▶ _Data for processing_

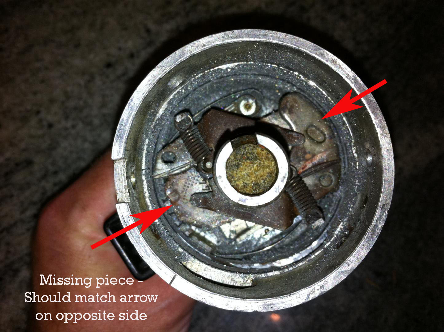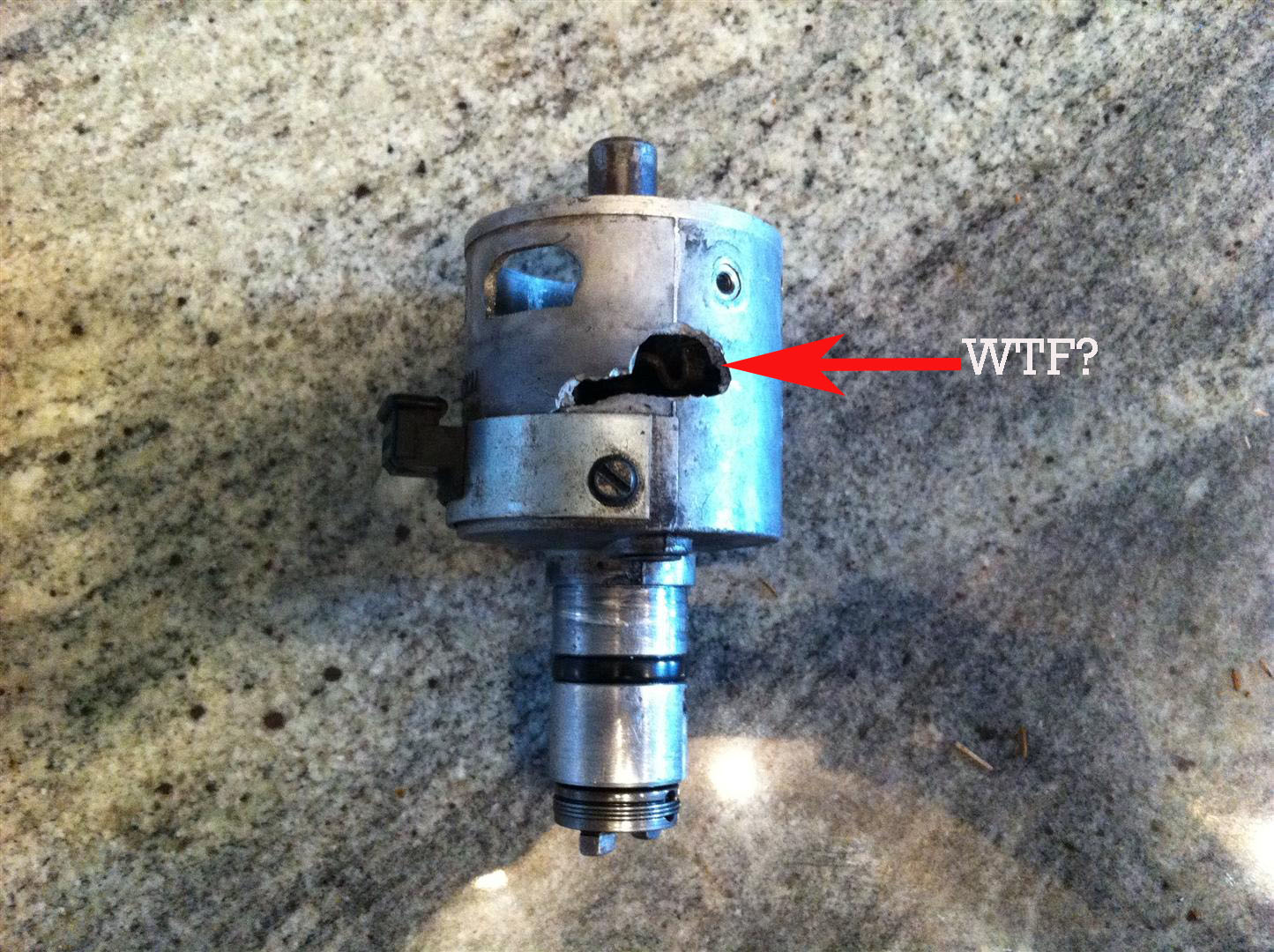 Bosch distributors do that. Blew one in my 1973 Superbeetle. Spring went and the weight slung out through the side. Got a new one for $25 back then. |
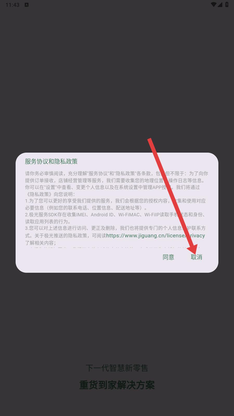 1、打開星店助手,若要簡化登錄,點擊記住密碼勾選框。彈出服務協議與隱私政策彈窗,閱讀后按需求選同意或取消。
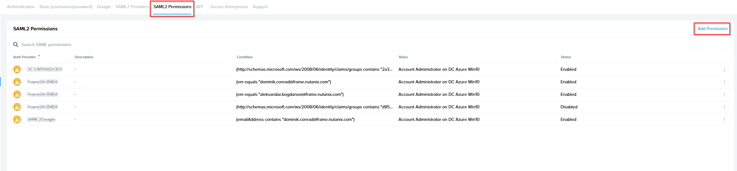 Once the SAML2 Provider is successfully configured in the Nutanix Console, administrators will need to add authorization rules from the SAML2 Permissions tab listed to the right of the SAML2 Provider tab.
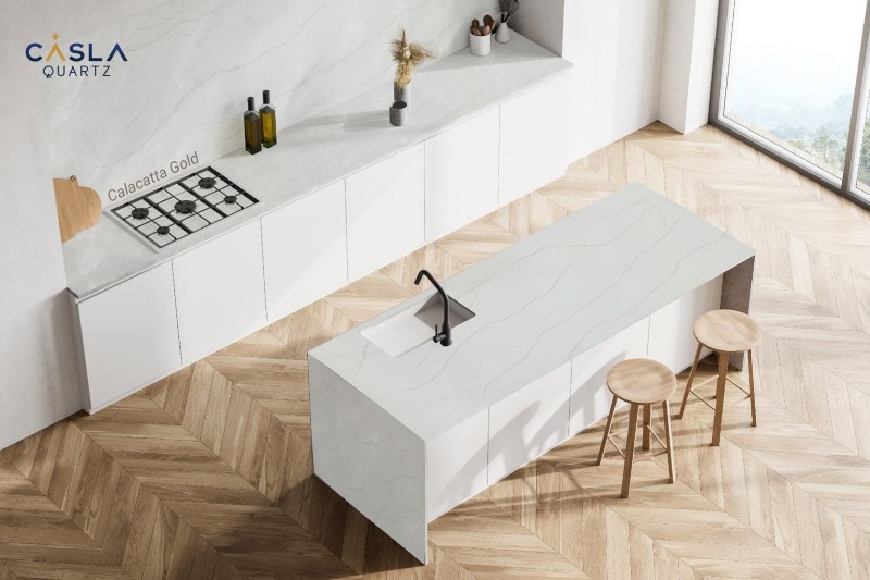 Với mặt bếp đá nhân tạo Casla Quartz tone màu trắng luôn được khách hàng ưu tiên chọn lựa.
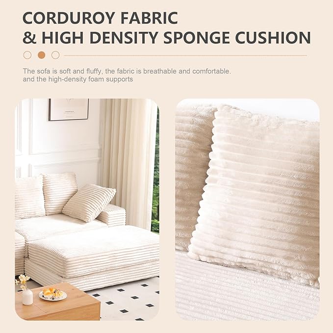 - Luxurious Corduroy Fabric: Crafted from plush and breathable corduroy fabric, this modular sofa is soft to the touch and offers a tactile delight. Its luxurious texture enhances the aesthetic appeal of your living area, while its durable nature ensures long-lasting comfort. This fabric choice perfectly combines elegance and functionality for a stylish home.
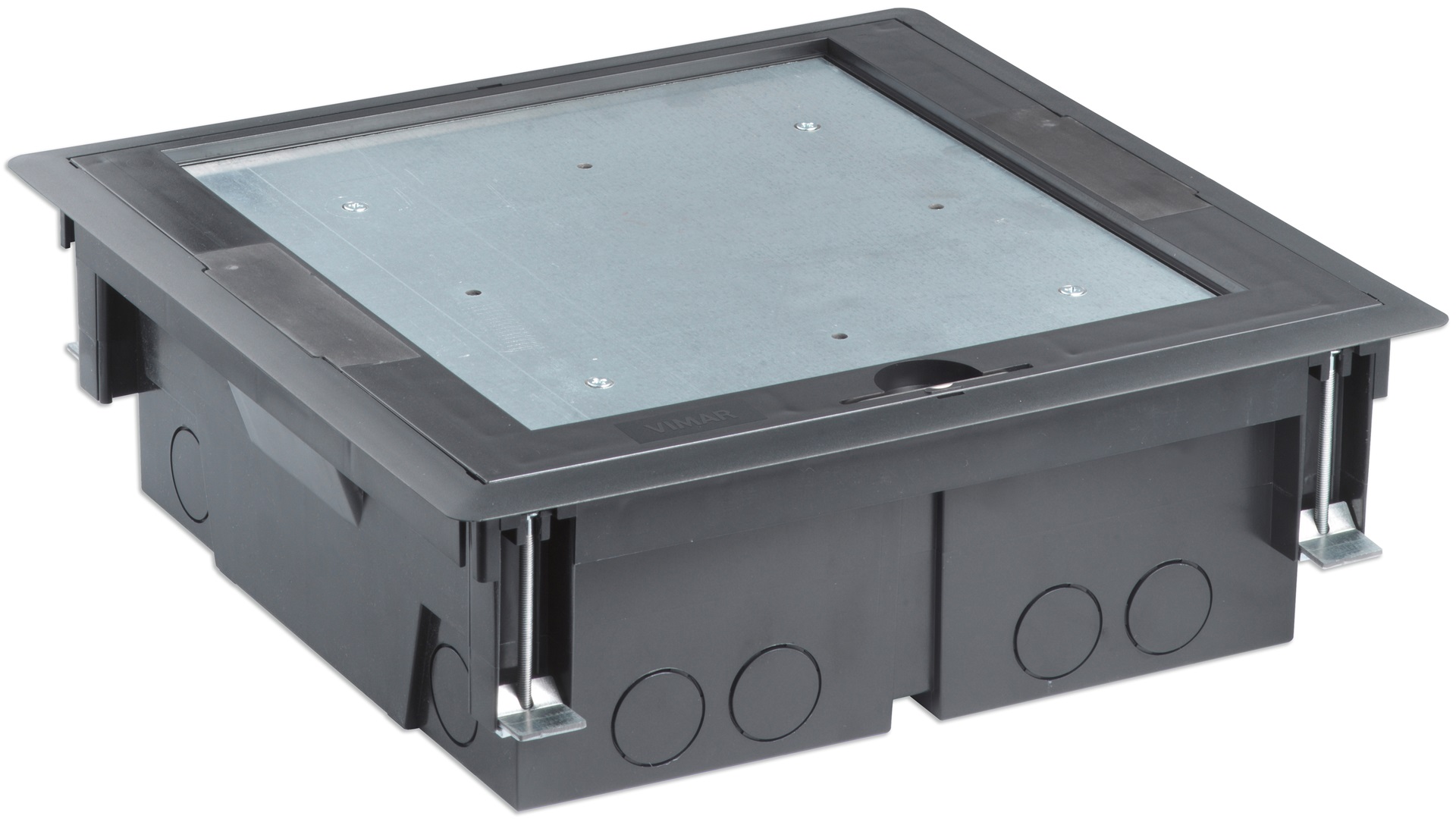 Torretta a scomparsa da pavimento da 20 moduli con coperchio cavo per apparecchi Eikon, Arké e Plana per installazione su pavimento flottante. Fornita con 4 supporti da 5 moduli. Installazione su massetto con apposita scatola V54920
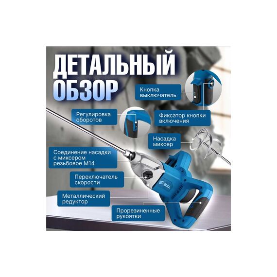 Миксер строительный BULL BM 1416 (0319102) - это надежный профессиональный инструмент, подходящий для размешивания красок, лаков, клеев, строительных растворов. Имеет прорезиненные накладки на рукоятках, что позволяет уверено держать инструмент. Наличие 2-х скоростного редуктора предотвращает разбрызгивание при размешивании материала различной вязкости. Повышенная твердость шестерен делает инструмент надежнее и выносливее к интенсивным нагрузкам. Для более точной настройки скорости имеется удобная регулировка оборотов. Кроме того, миксер оснащен функцией защиты от перегрузки, что поможет значительно продлить срок службы инструмента. Диаметр насадки: 140 мм. Общая длина насадки: 560 мм.
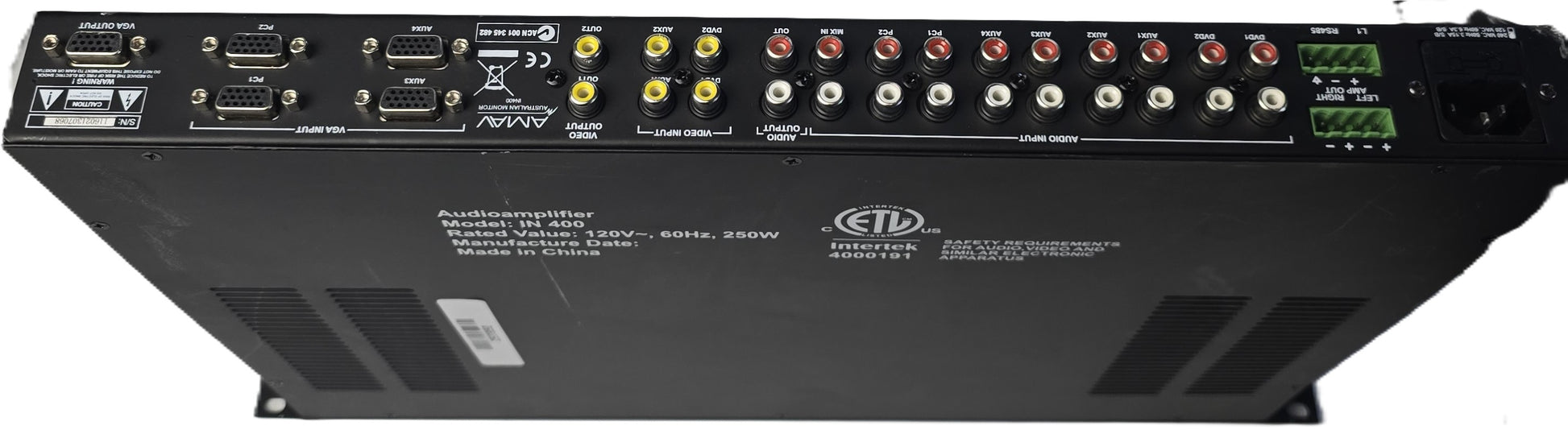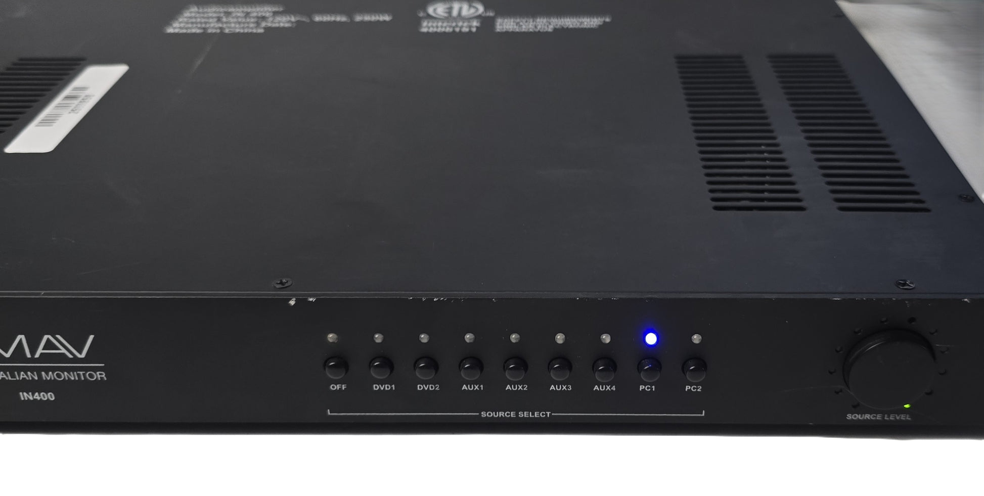 The IN400 supports multiple audio and video input sources with front-panel source selection and level control, allowing easy operation and flexible system configuration. The solid metal enclosure is designed for durability and long-term installation use, while rear-panel connectivity provides clear access to audio, video, and control interfaces. Supplied in original packaging with power cable, remote control, and installation and operation manual as shown.
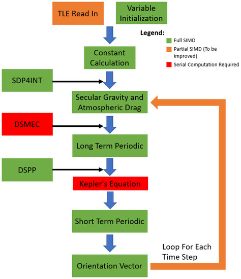 PSGP4 Algorithm Block Diagram, where the color represents the different implementations of SIMD processing. On the left of the main flow, the additional PSDP4 functions are shown with the location of the implementation.
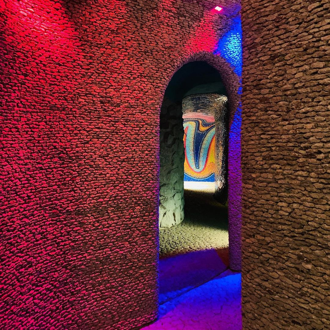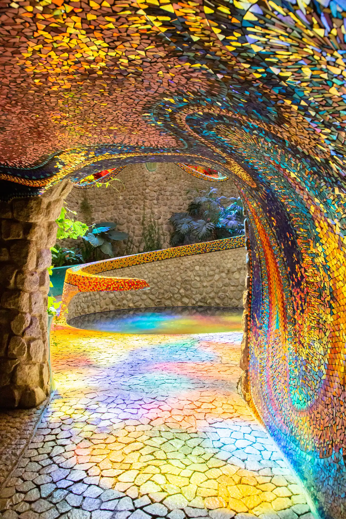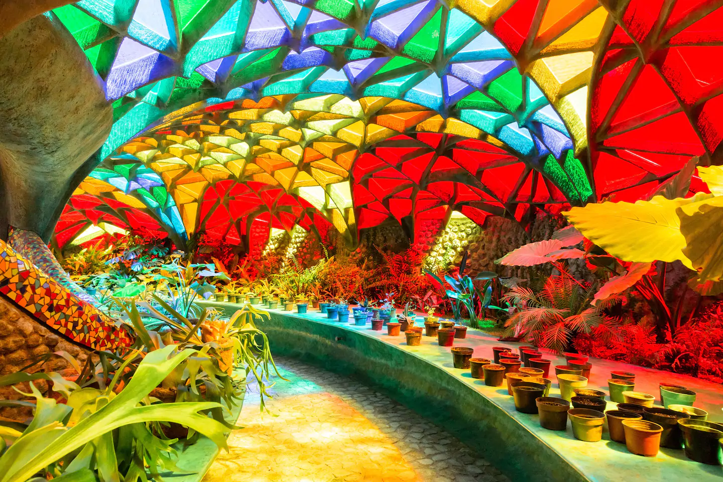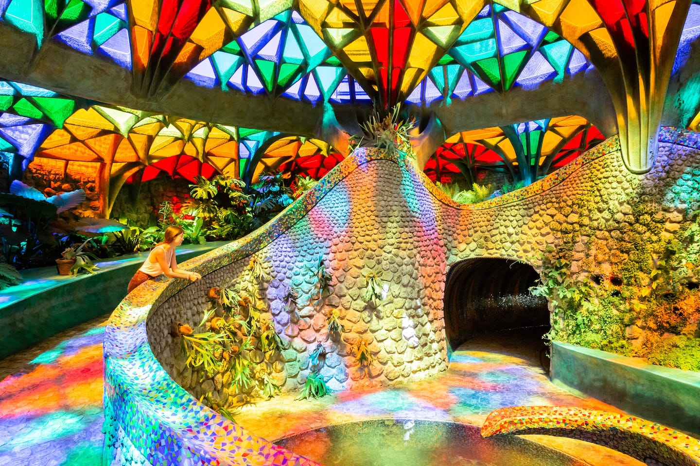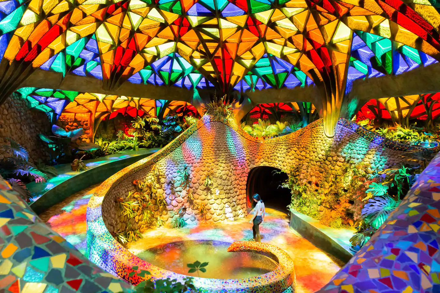 Outro ponto interessante de visita dentro do espaço do parque, são as cavernas coloridas e a estufa repleta de plantas e túneis com ladrilhos cheios de cor por toda parede e teto.

▶ _Assignment_
Exact copy, pictures excluded: from the line with "1、打開星店助手,若要簡化登" up to and including the line with "Với mặt bếp" in the data above.

▶ _Answer to this exercise_
 1、打開星店助手,若要簡化登錄,點擊記住密碼勾選框。彈出服務協議與隱私政策彈窗,閱讀后按需求選同意或取消。
 Once the SAML2 Provider is successfully configured in the Nutanix Console, administrators will need to add authorization rules from the SAML2 Permissions tab listed to the right of the SAML2 Provider tab.
 Với mặt bếp đá nhân tạo Casla Quartz tone màu trắng luôn được khách hàng ưu tiên chọn lựa.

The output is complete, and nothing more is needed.